I am a PhD Candidate and Humanities Studentship holder who graduated with a BA (Hons) in American and Canadian Studies from the University of Birmingham in 2021, before completing an MA as a recipient of the Christine and Ian Bolt Scholarship at the University of Kent. I graduated from my MA in November 2022.
My research interests lie in Queer and Indigenous Studies, focusing on how Settler Colonialism transcends from physical to digital spaces.
Outside of academia, I am a published and active poet writing on queer sex, the body, and grief. You can find my work in print in Sunday Mornings at the River’s Depression is What Really Killed the Dinosaur (2022) and Poetry Diary (2022), as well as in the online e-mag Sonder Series.

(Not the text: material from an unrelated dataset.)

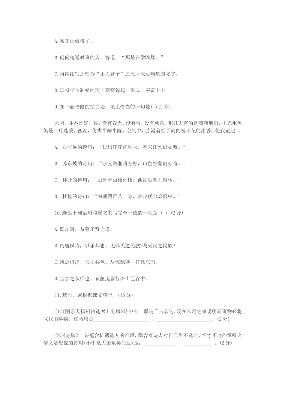 2013年八年级语文下册3月份月考检测试题(含答案)一、基础知识积累与运用(40分)1.选出下面加点字注音全都正确的一组()(2分)A.绯红(fēi)匿名(lì)杳无消息(yăo)汗流浃背(jiā)B.磨蹭(mó)掺和(chàn)文绉绉(zhōu)哄堂大笑(hōng)C.胡髭(zī)黝黑(yŏu)藏污纳垢(gòu)广袤无垠(mào)D.小憩(qì)绚丽(xuàn)冥(míng)思遐(xiá)想鸢(yuān)飞戾(lǐ)天2.下列词语中有两个错别字的一项是()(2分)A.高谈阔论坛花一现迫不及待窃窃私语B.神采奕奕彬彬有礼破镜重圆月白风清C.世外桃园晓风残月顺藤摸瓜事半功倍D.四面楚歌挺而走险厚此薄彼貌和神离3.选出解释有错的一项()(2分)A.鹤立鸡群:比喻一个人的才能或仪表在一群人里头显得很突出。B.正襟危坐:形容严肃庄重的样子。C.诚惶诚恐:惶恐不安。D.颔首低眉:一会抬起头,一会儿又显得很恭顺的样子。4.下列各句中加点的成语使用不恰当的一句是()(2分)A.其他队员们撤回到8100米的营地,养精蓄锐,以便在需要的时候为突击顶峰的队员提供各种支援。B.这对眼睛不会放过微不足道的细节,同样也能全面揭示广袤无垠的宇宙。C.我感到一种不言而喻的恐惧,一种同亲人隔绝、同大地分离的孤独感油然而生。D.做一个人,我们要行使自己的权利;做一个公民,我们要恪尽职守。5.下列句子中没有语病的一项是()(2分)A.北京市将努力改善生态环境,保证“绿色奥运”对北京环境质量的要求。B.南通的蓝印花布不仅闻名全国,而且享誉世界。C.通过中国男子足球队的表现,使我们认识到具有良好的心态是非常重要的。D.我们的报刊、电视、网络和宣传媒体,更有责任做是表率,杜绝用字不规范现象。6.下面句中标点符号使用完全正确的一项是()(2分)A.亲爱的宝贝已在腹中8个月了,是个美丽的姑娘呢?还是个漂亮的小伙?B.“没有老师来批评我的。”他微微一笑,又说,“只有这些树叶、小草,还有那朵紫豆角花,好像在批评我,说我以前太粗心大意,太不了解它们了。”C.在这横跨中国南部的“户外采风”中,东方遭遇了意想不到的困难:酷暑、严寒、狂风、暴雨、沙尘等……越向西就越是人烟稀少。东方不得不经常风餐露宿。D.种菜是我在狱中少有的能自主管理的事情。播下种子、观察生长、悉心照料、然后收获。成为这一方天地主人的感觉让我体会到一丝自由的滋味。7.填入横线的语句,与上下文衔接最恰当的一项是()(2分)雁阵之美,在于它能给现实生活提供哲思。有研究表明,雁阵飞行的速度能比单雁提高22%,因为飞行中雁的两翼可形成一个相对的真空状态;头雁没有真空,无法讨巧,但却是不停轮换的。,这确实值得作为思想群体的人类深思。A.为了团队共同的目标勇于牺牲自我B.雁阵里每一个成员能配合得如此之好C.人类与我们的大自然应怎样和谐相处D.任何团队总有一个精明的领导者8.选出修辞与其他三项不同的一项()(2分)A.实在标致极了。B.问问精通时事的人,答道,“那是在学跳舞。”C.再继续写那些为“正人君子”之流所深恶痛疾的文字。D.顶得学生制帽的顶上高高耸起,形成一座富士山。9.在下面语段的空白处,填上恰当的一句是()(2分)六月,并不是好时候,没有春光,没有雪,没有秋意。那几天有的是满湖烟雨,山光水色俱是一片迷蒙。西湖,仿佛半睡半醒。空气中,弥漫着经了雨的栀子花的甜香,使我记起。A.白居易的诗句:“日出江花红胜火,春来江水绿如蓝。”B.苏东坡的诗句:“水光潋滟晴方好,山色空蒙雨亦奇。”C.林升的诗句:“山外青山楼外楼,西湖歌舞几时休。”D.杜牧的诗句:“南朝四百八十寺,多少楼台烟雨中。”10.选出下列语句与原文书写完全一致的一项是()(2分)A.既加冠,益暮圣贤之道。B.衔觥赋诗,以乐其志。无怀氏之民欤?葛天氏之民欤?C.风烟俱净,天山共色。从流飘荡,任意东西。D.当余之从师也,负箧曳屦行深山巨谷中。11.默写,或根据课文填空。(16分)(1)《酬乐天扬州初逢席上见赠》诗中有一联是千古名句,现在常用它来说明新事物必将取代旧事物,这两句是______________________,______________________。(2分)(2)《赤壁》一诗蕴含机遇造人的哲理,隐含着诗人对自己生不逢时、怀才不遇的慨叹之情又是想像的诗句(小中见大论东吴命运)是:_____________,_________...

My PhD thesis grapples with the ways in which the ongoing impacts of Settler Colonialism persist in online spaces. It questions if hook-up/dating apps – like Grindr and Tinder – can be used for positive connection for those with multiple marginal identities in Indigenous communities in the nation state of Canada.
This project merges literary and social methods of research to survey how Settler Colonialism affects have pervaded online spaces. It counters a previous absence of research by delving into the presentation of dating apps in literary works and analysing the works of emerging Indigiqueer writers who grapple with varied experiences of the erotic in physical and digital spaces.